Monday, 28 January 2019

10 tips for a great romance in Paris - Clémentine Beauvais

Cheating a bit today, but since my book In Paris with you, translated by Sam Taylor, is now out in the US with Wednesday Books, I thought I'd republish an article I wrote for a magazine at the time when the British version came out.



I know that at least ONE person got a great romantic Parisian weekend out of it. So there.

Warning: Might not be devoid of some sarcasm.

10 TIPS FOR A GREAT ROMANCE IN PARIS

1. Don’t actually be a Parisienne

I was a Parisienne for 18 years and frankly, there was very little I found romantic when I lived there. Intense emotion occurred only when the bus stop was cleaned, or when my favourite kebab introduced a new sauce. However, now that I’ve been a Britannique for 12 years, going back to Paris fills me with joy and longing, and a dirty Abribus is lovely to behold.

2. Be in love amidst skulls

Not enough lovers visit the Catacombs, which is weird, because the perspective is appealing : kilometers of underground passages whose walls and ceilings are almost entirely made up of the skulls and bones of people who died of plague at some point. Go there hand in hand and meditate on love and death. It’s like drifting across a Dutch vanity painting, for hours.

3. Whatever you do, don’t lock your love to a bridge

There’s a special place in hell for the sad, absurd couples who do this. That place is dull, smells of cabbage, and the couples there are condemned for the rest of eternity to bicker about which way the toilet roll should hang. Love locks are ugly, what they symbolise is ugly, and they quite literally break centuries-old architecture. In lieu of that, here’s other things to tie to things if that’s your thing : your lover’s hands, to a bedpost.

4. Don’t go up the Eiffel Tower

The Eiffel Tower is too high. It bulldozes the beautiful Parisian cityscape into a greenish-grey flatland. Instead, walk up the escargot-like chalky staircases of Notre-Dame, and kiss right next to the bells and the Gruffalesque gargoyles. Much more romantic, much better views.
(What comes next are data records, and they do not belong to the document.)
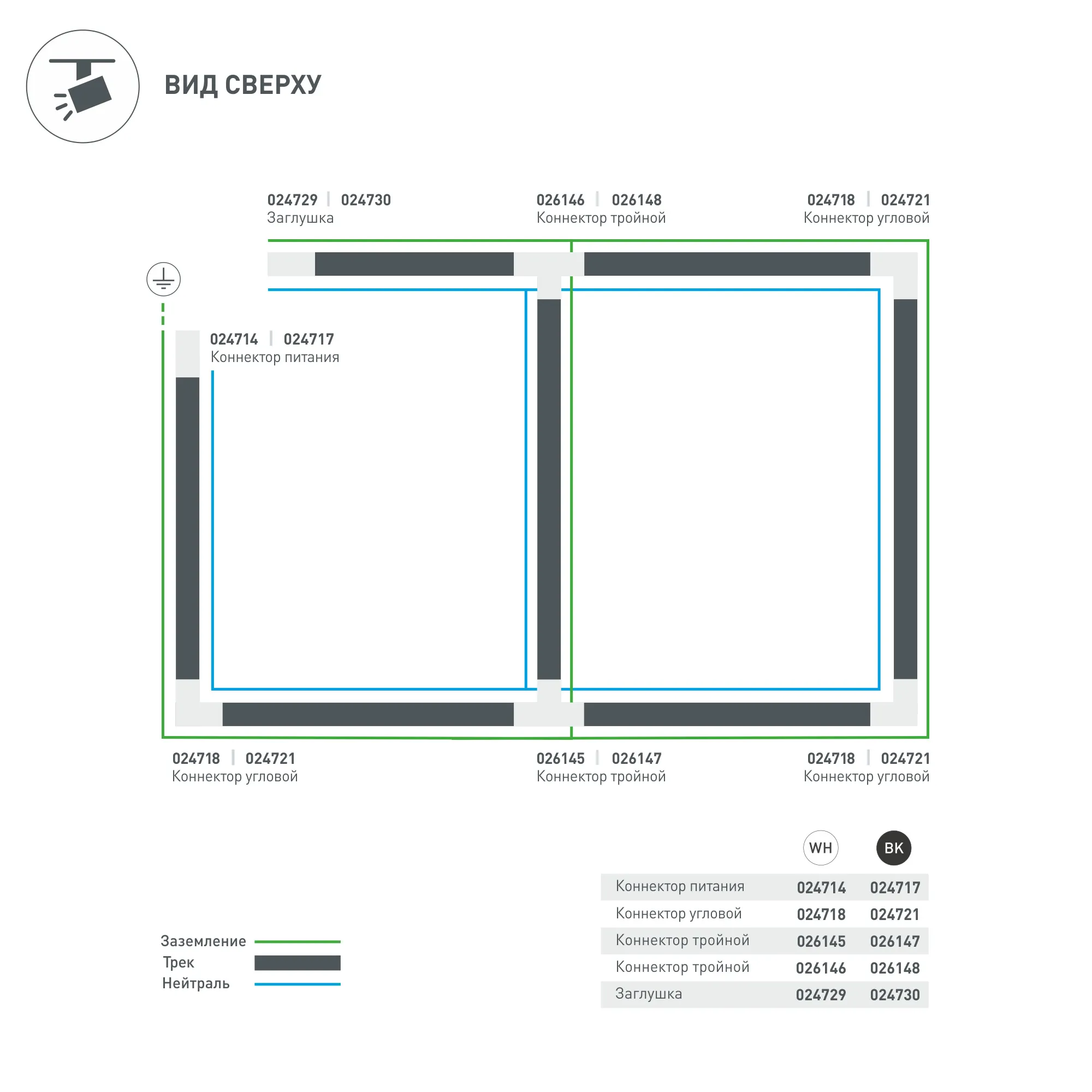 T-образный коннектор для треков 4TR. Цвет белый. Аналог XTS-37 Global Track Pro. Направление соединений снаружи/слева (определение необходимого коннектора происходит относительно контакта заземления системы). 166х99х33 мм с контактами, 99х66х33 мм без контактов. При использовании с треками и аксессуарами другой серии возможно отличие по цвету.
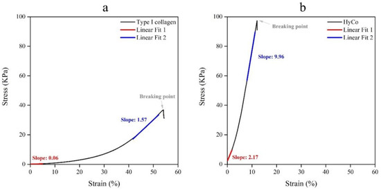 Stress–strain curves resulting from tensile tests of commercial collagen scaffold and HyCo and related Young’s Moduli. Type I collagen scaffold (a) and HyCo (b); HyCo scaffold displayed a significant statistical increase in both Young’s moduli with respect to the commercial collagen one. Slopes of straight lines were calculated on the linear portion of curves using least-squares fit on tensile test data by means OriginPro 2016 software (OriginLab, Northampton, MA, USA).
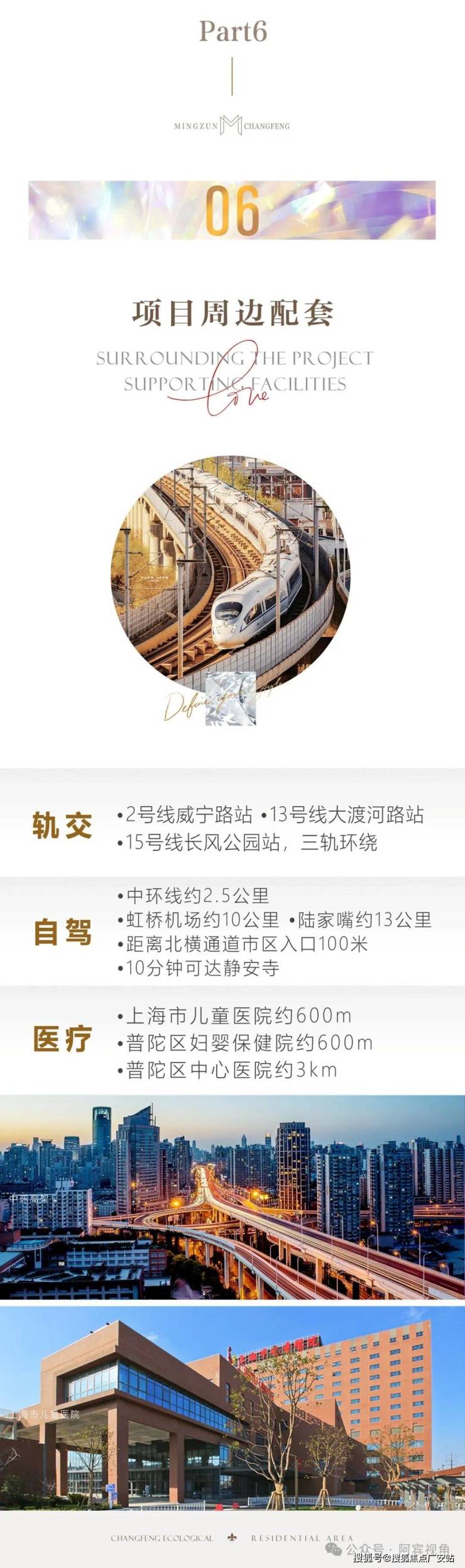 三轨环绕交通:地铁2号线威宁路站、13号线大渡河路站、15号线长风公园站均约1.2公里,中环线约2.5公里,虹桥机场约10公里,陆家嘴约13公里,形成便捷立体交通网络。

5. A quirky story to tell your lover, walking down the Seine, when you’ve run out of things to say.

Because there’s nothing like a story of drowning to revive a waning conversation. In the 1880s, a woman was pulled out of the Seine’s murky waters, drowned, but extremely beautiful indeed, to the extent that she was exhibited publically for all to see. A death mask was made of her fine features, which many people then acquired to hang on their walls (normal). She became known as L’Inconnue de la Seine. Many years later, in the 1950s, her face was used to create the first CPR mannequin. So, if you’ve ever done a first aid course, chances are you applied your lips to a face very much like that of this mysterious fin de siècle French beauty.

6. Don’t give them your 06

« Hey mademoiselle, tu me files ton 06 ? » - hey miss, give me your 06 ! – is what some catcallers used to shout at you in a desperate attempt to win access to mobile phone numbers (which mostly start with 06 in France). Catcallers today might ask for your snapchat or instagram handle instead, but whatever they’re trying to do, they are the plague of Parisian streets and the antithesis of romance. Don’t give them your 06.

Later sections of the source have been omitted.